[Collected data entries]

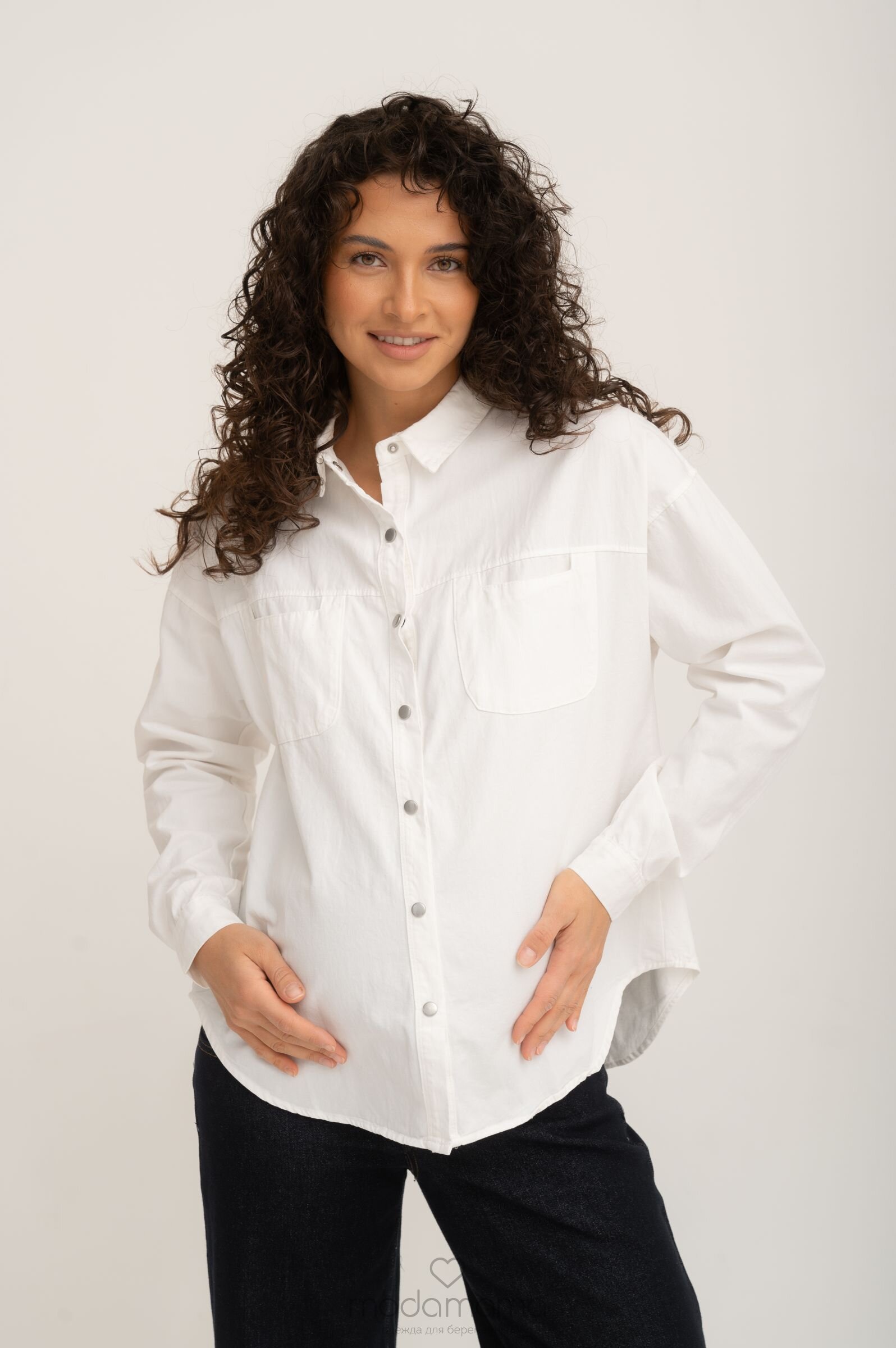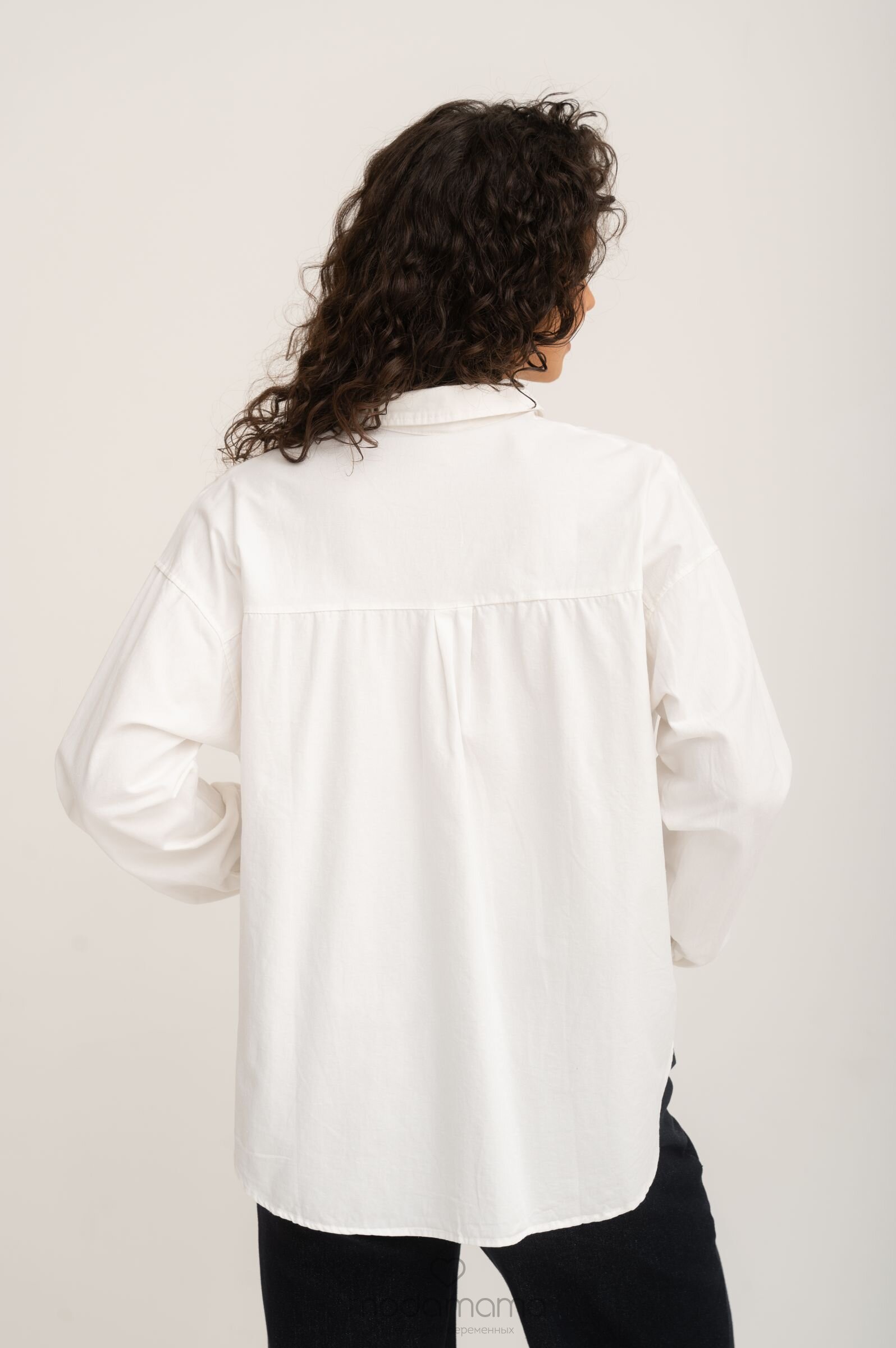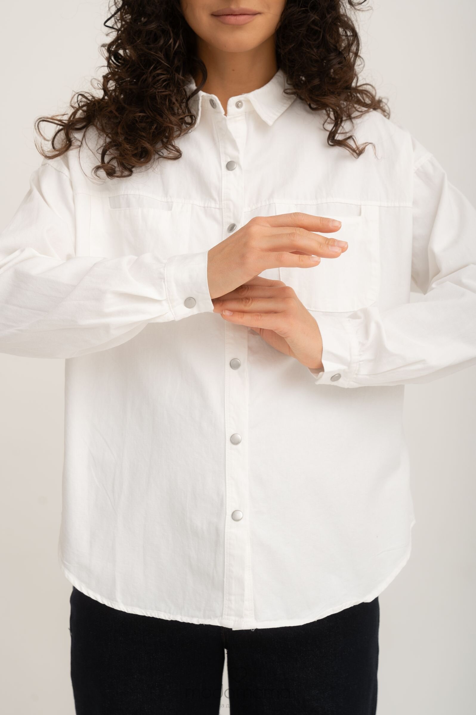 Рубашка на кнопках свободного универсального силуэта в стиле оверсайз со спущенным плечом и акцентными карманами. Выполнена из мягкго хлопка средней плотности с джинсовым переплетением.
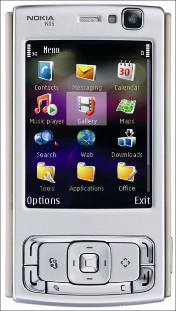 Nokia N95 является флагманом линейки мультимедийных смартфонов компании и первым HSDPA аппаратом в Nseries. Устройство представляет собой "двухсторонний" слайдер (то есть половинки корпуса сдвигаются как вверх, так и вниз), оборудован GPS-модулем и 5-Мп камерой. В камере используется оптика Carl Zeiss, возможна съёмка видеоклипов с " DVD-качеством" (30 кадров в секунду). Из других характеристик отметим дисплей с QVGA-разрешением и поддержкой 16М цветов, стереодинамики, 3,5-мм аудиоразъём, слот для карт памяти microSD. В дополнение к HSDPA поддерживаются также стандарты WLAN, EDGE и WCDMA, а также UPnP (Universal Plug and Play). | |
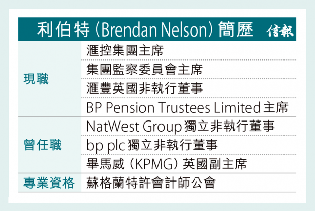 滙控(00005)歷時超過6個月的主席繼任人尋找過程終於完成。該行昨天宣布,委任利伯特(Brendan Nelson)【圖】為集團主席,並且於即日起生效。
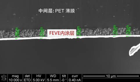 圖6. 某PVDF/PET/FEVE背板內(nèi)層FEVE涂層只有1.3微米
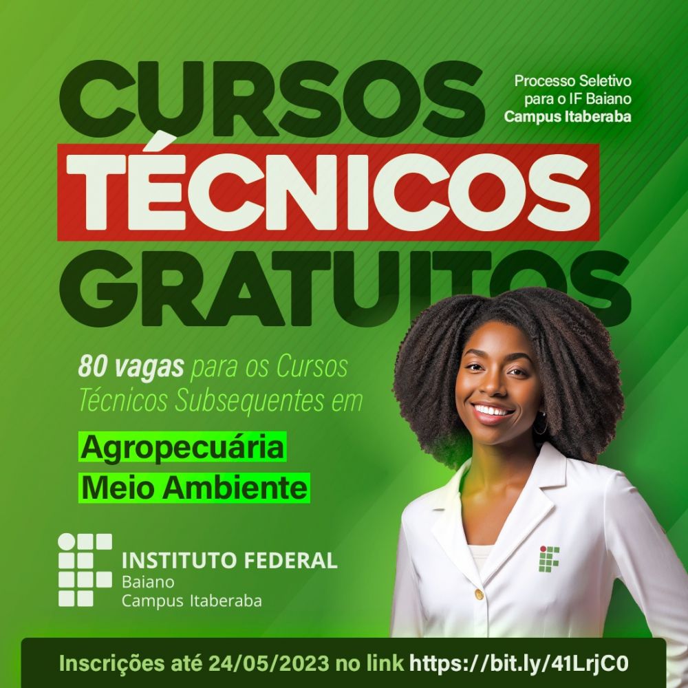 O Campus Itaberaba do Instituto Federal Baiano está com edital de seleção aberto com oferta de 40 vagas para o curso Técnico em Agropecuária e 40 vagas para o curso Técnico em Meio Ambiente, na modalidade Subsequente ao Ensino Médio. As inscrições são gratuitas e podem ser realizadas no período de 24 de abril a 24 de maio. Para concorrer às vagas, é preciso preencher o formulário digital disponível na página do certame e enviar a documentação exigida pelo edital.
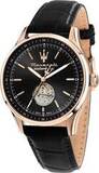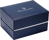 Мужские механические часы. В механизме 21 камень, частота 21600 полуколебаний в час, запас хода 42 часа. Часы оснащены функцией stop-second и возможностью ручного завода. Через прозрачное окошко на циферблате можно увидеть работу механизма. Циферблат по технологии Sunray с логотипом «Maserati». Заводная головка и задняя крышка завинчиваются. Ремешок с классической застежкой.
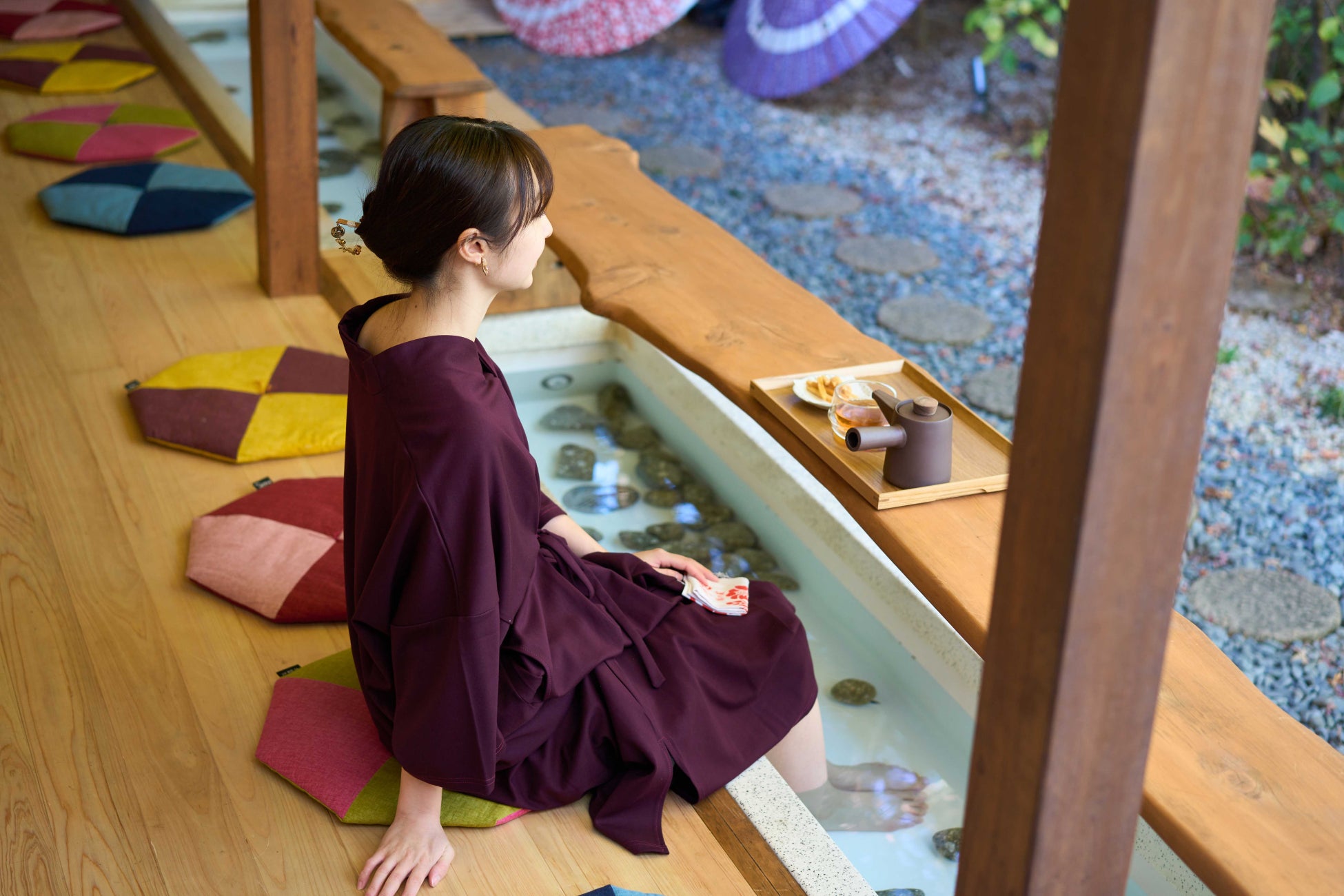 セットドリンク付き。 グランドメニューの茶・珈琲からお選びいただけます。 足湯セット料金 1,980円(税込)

__Work order__: Exactly as they appear, repeat the lines from the one containing "O Campus Itaberaba" through the last line of the entries, counting both ends. Pictures stay out.

__Answer space__:
 O Campus Itaberaba do Instituto Federal Baiano está com edital de seleção aberto com oferta de 40 vagas para o curso Técnico em Agropecuária e 40 vagas para o curso Técnico em Meio Ambiente, na modalidade Subsequente ao Ensino Médio. As inscrições são gratuitas e podem ser realizadas no período de 24 de abril a 24 de maio. Para concorrer às vagas, é preciso preencher o formulário digital disponível na página do certame e enviar a documentação exigida pelo edital.
 Мужские механические часы. В механизме 21 камень, частота 21600 полуколебаний в час, запас хода 42 часа. Часы оснащены функцией stop-second и возможностью ручного завода. Через прозрачное окошко на циферблате можно увидеть работу механизма. Циферблат по технологии Sunray с логотипом «Maserati». Заводная головка и задняя крышка завинчиваются. Ремешок с классической застежкой.
 セットドリンク付き。 グランドメニューの茶・珈琲からお選びいただけます。 足湯セット料金 1,980円(税込)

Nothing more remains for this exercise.